Sono 62mila i ricorsi ancora pendenti dinanzi alla Corte europea dei diritti dell’uomo, con un incremento del 22% rispetto al 2019 (59.800). Il maggior numero di ricorsi pendenti riguardano la Russia, la Turchia (che segna un più 27% rispetto al 2019), l’Ucraina, la Romania e l’Italia (che segna 3.469 ricorsi pendenti, il 5,5% del totale). Nel 2020, inoltre, l’Italia è stata destinataria di 17 sentenze: 14 di “condanna” (cinque sull’articolo 6 relativo all’equità del processo e quattro per l’articolo 5 sul diritto alla libertà e alla sicurezza) e tre di “assoluzione”. E’ quanto risulta dalla relazione annuale presentata il 28 gennaio 2021 con riguardo all’attività della Corte di Strasburgo nel 2020, che chiude un anno difficile, in cui i diritti umani sono stati messi a rischio anche a causa degli effetti delle restrizioni dovute alla pandemia (Annual_report_2020, Stats_analysis_2020). E, per il primo anno dall’inizio delle sue attività, la Corte europea ha dovuto attivare lo svolgimento dei procedimenti da remoto, assicurando così il pieno funzionamento delle proprie attività.
Vediamo i dati. Nel 2020 sono stati presentati più di 37mila ricorsi (il 3% in meno rispetto al 2019). Ben 32.232 ricorsi sono stati dichiarati irricevibili. Le sentenze sono state 871 (884 nel 2019). Il numero più alto di pronunce, nel complesso, ha riguardato l’articolo 6 (equo processo), il diritto alla libertà e sicurezza (articolo 5), il divieto di trattamenti inumani o degradanti (articolo 3), 122 il diritto di proprietà (articolo 1 del Protocollo n. 1), 85 l’articolo 2 sul diritto alla vita e 85 il diritto a un rimedio giurisdizionale effettivo (articolo 13). Tra il 2017 e il 2020 i ricorsi italiani attribuiti a una formazione giurisdizionale della Corte sono aumentati: erano 1.374 nel 2017, 1.692 nel 2018, 1.454 nel 2019, per arrivare a 1.497 nel 2020.

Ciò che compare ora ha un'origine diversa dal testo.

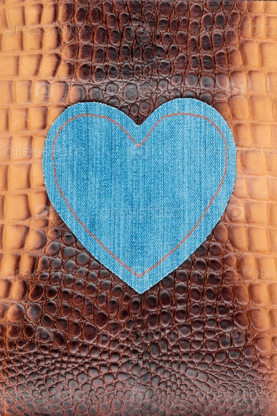 Сердце джинса лежит на коже крокодила.Пространство для текста
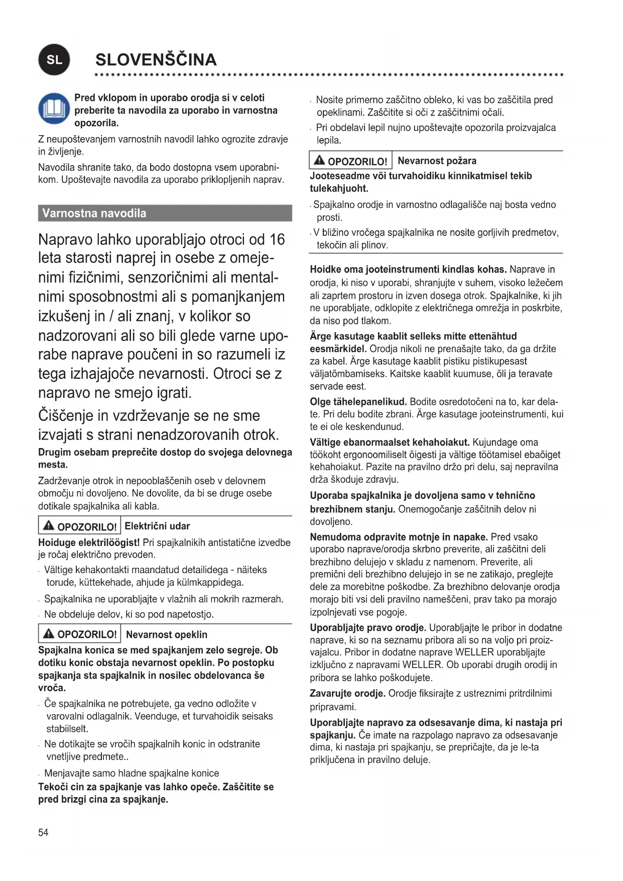 rabe naprave poučeni in so razumeli iz tega izhajajoče nevarnosti. Otroci se z napravo ne smejo igrati. Čiščenje in vzdrževanje se ne sme izvajati s strani nenadzorovanih otrok. Drugim osebam preprečite dostop do svojega delovnega mesta. Zadrževanje otrok in nepooblaščenih oseb v delovnem območju ni dovoljeno. Ne dovolite, da bi se druge osebe dotikale spajkalnika ali kabla. OPOZORILO! Električni udar Hoiduge elektrilöögist! Pri spajkalnikih antistatične izvedbe je ročaj električno prevoden.
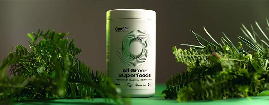 OstroVit All Green Superfoods - це комплексна дієтична добавка, яка містить безліч цінних інгредієнтів. Формула є джерелом рослинних екстрактів, грибів, вітамінів і мінералів, а також олії MCT і харчових волокон. Це цінний продукт, створений для свідомих споживачів, які хочуть доповнити свій щоденний раціон цінними інгредієнтами.
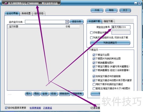 2、 第二步:启动软件,输入掌柜名并复制全店商品...
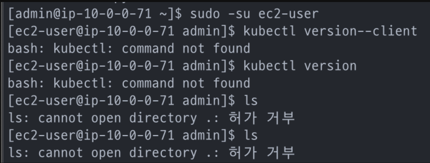 처음에 관리자로 들어간 뒤 sudo -su ec2-user로 들어가서 작업을 진행하려고 하니까 계속 허가 거부 즉, Permission denied가 떴다.... 알고보니 admin 폴더에서 작업을 하려고 하니 문제가 발생했던 것이다.. 그래서 바로 폴더를 ec2-user로 바꿔주니 이상없이 진행되었다.
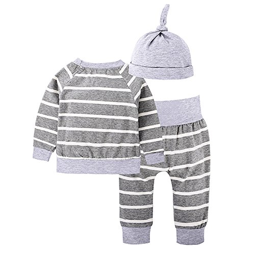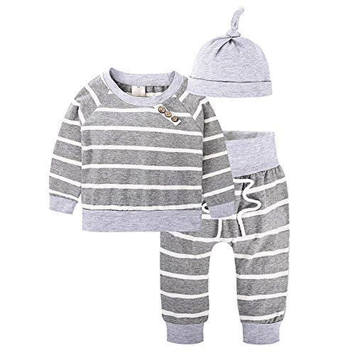 Cutelove コート+ロングパンツ+帽子3点セット ストライプ マッチングしやすい トップス 長袖 綿 男の子 ベビー ボーイズ 赤ちゃん 幼児 ベビー服 秋 可愛い ファッション 素敵 カジュアル 普段着 韓国

Molte le sentenze significative che hanno toccato anche questioni nuove: così, il dramma della violenza domestica ha portato la Corte europea a pronunciarsi, con la sentenza dell’11 febbraio 2020, Buturuga contro Romania (ricorso n. 56867/15), sul cyberbullismo e sugli obblighi positivi degli Stati nella protezione dei minori nei casi di maltrattamenti da parte dei genitori. Inoltre, per la prima volta – si legge nella relazione annuale – la Grande Camera ha affrontato la questione dell’applicabilità dell’articolo 4 (divieto di schiavitù e di lavori forzati) ai casi di traffico di donne e sfruttamento della prostituzione (S.M. contro Croazia, sentenza del 25 giugno 2020, ricorso n. 60561/14). Ormai pienamente operativo il Protocollo n. 16, con la Grande Camera che continua a ricevere richieste di pareri.